In any event, with respect to the questions raised in your letter dated 20 August 2008 we do not consider it necessary for you to determine … whether a qualifying disclosure has been made under the provisions of the Public Interest Disclosure Act for you to deal with these grievances."

  1. I do not consider these provide sufficient context to make it clear to the Respondent as to what was being said about PIDA. Given that there was nothing before the second grievance appeal on 8 May 2008, references to the Claimant's earlier letters of 12 November 2007 and 3 March 2008 do not assist. On their face, the two letters seek to reprise the Claimant's dissatisfaction with the treatment of her first grievance. By her second grievance she complains of the slowness of the process and the scope of it. Her first grievance does not raise a PIDA complaint and nor does the second. References to both of these grievances therefore cannot encompass the lodging of a grievance in respect of a PIDA complaint which was only made on 8 May 2008. By that date, both grievances had been determined against her. As a matter of construction, and in context, "her longstanding grievances" means the first grievance, decided on 3 March 2008. It cannot mean the second, lodged on that date, which was going through to a step 3 appeal, postponed by mutual agreement. If it does mean both grievances, neither contains a PIDA point. So the two letters which draw on the extant grievances cannot create a PIDA grievance. Grievance in the context of a formal solicitors' letter means the two lodged by the Claimant under the Respondent's policies and not a new point sought to be taken on appeal. It may be that the two formal grievances are of long standing, being the substantive complaint and the handling of it, but not the PIDA matter lodged only on 8 May 2008. The latest grievance in the second letter is the return to work problem; but if it is the longstanding grievances of the first letter, they are not based on PIDA.

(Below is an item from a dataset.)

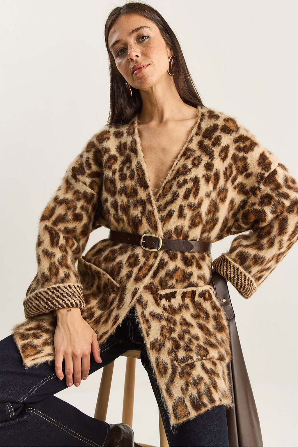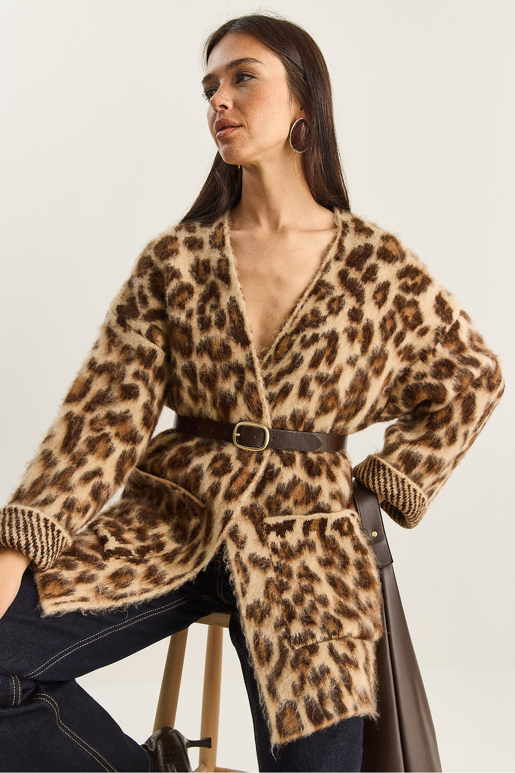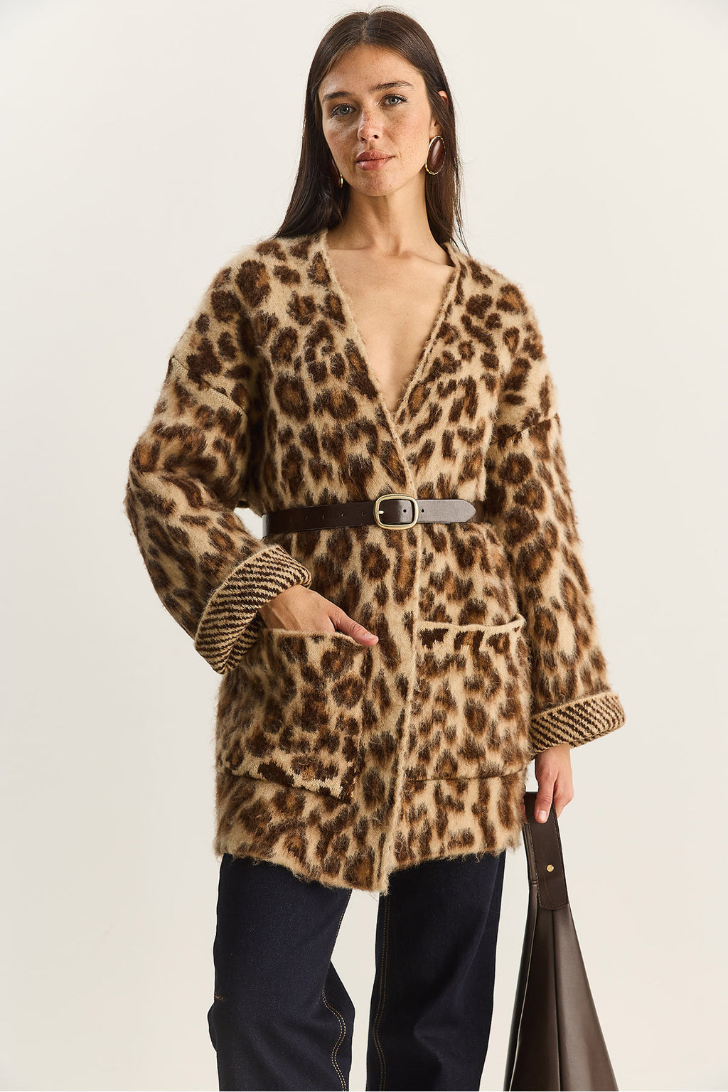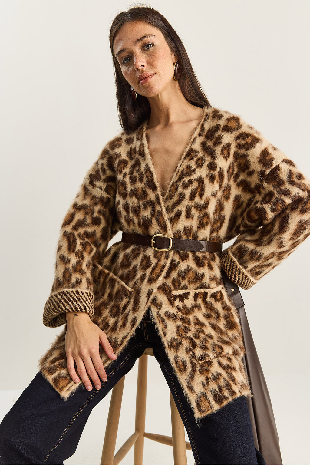 Women's Pocket Detailed Patterned Oversize Rose Gold Knitted Cardigan 20251101

  1. In those circumstances it is not necessary for me to determine the secondary position of the Respondent as to certain of the detriments which were allowed to proceed namely 9, 12, 15, 28, 31, 38. But if necessary for my decision, I would uphold in full the written submissions of Mr Bourne on each of these detriments. They as a matter of logic cannot proceed because of the chronology and of the outcomes of the various issues. Nor can they be rolled into one.
  1. I then turn to the constructive dismissal point. It will be recalled that the Claimant is going ahead with her "vanilla" ordinary constructive unfair dismissal case. The only way the Claimant may bring a PIDA claim is if she has raised this as part of an unfair dismissal grievance. Given that I have discounted the interlocking of the detriments up to the date of her resignation, the specific unfair dismissal claim must be determined by reference to the letters of the solicitors and their context. As a matter of law I hold that it is correct to view the ordinary and the automatic unfair dismissal separately since Parliament has separately constituted these two causes of complaint, albeit they are types of unfair dismissal. There are different remedies and a PIDA claim is akin to a discrimination claim. Neither of the solicitors' letters makes clear that the Claimant is resigning because of her PIDA complaint. This complaint suffers the same defect as the per-employment detriment case.
**Disposal**
  1. I would like to thank both counsel for their original and further submissions. I see no reason why the stay should not now be lifted and the Claimant's constructive unfair dismissal case be heard unless the parties can with the assistance perhaps of ACAS reach a conciliated solution to what was an old and very wide case and is now very much reduced. The appeal is allowed.